→ **Exercise details**: In the material below, pictures must be dropped. Repeat exactly, and only, the lines from the line with "Figure 8: tablet" to the line with "When you choose", both ends included.

→ **Material for this task**:
:::::

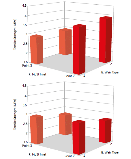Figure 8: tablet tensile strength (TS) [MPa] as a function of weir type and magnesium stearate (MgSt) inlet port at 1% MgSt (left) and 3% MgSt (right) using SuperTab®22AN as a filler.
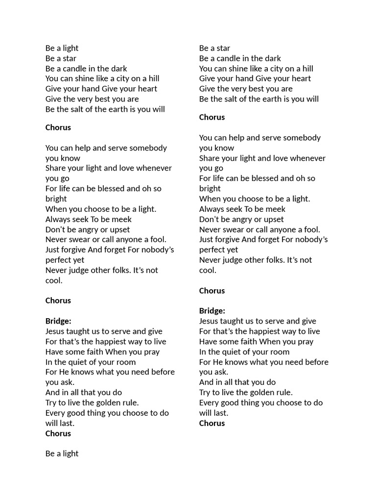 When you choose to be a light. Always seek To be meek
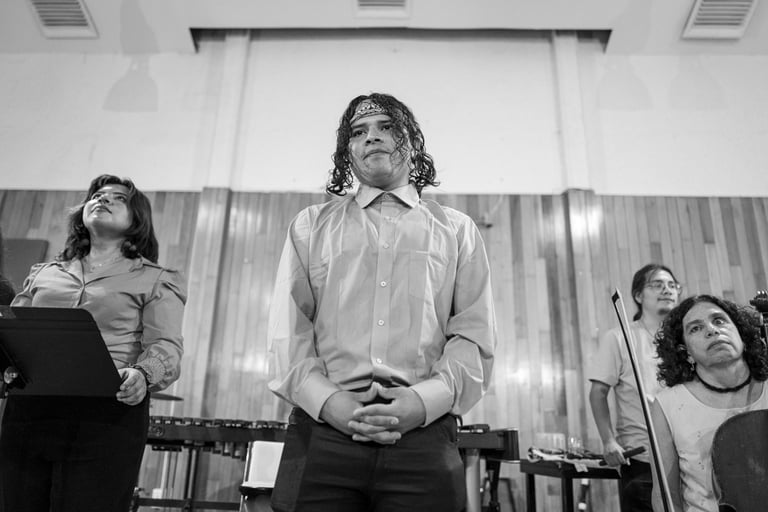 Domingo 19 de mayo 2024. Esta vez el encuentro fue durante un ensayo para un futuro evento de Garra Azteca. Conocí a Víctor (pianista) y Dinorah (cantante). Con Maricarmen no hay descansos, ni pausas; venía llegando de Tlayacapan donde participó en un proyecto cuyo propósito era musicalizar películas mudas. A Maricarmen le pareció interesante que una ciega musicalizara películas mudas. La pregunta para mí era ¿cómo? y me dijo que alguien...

:::::

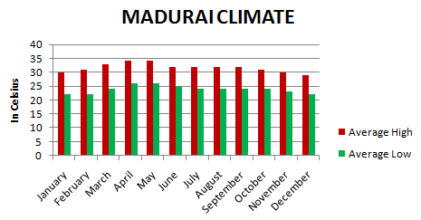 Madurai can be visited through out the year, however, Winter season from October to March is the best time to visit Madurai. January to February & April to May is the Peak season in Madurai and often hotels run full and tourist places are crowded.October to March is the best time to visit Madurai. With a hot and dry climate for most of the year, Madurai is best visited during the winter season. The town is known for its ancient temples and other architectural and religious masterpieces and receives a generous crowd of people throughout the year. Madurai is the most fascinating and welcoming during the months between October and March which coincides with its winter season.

:::::

→ **Answer for this exercise**:
Figure 8: tablet tensile strength (TS) [MPa] as a function of weir type and magnesium stearate (MgSt) inlet port at 1% MgSt (left) and 3% MgSt (right) using SuperTab®22AN as a filler.
 When you choose to be a light. Always seek To be meek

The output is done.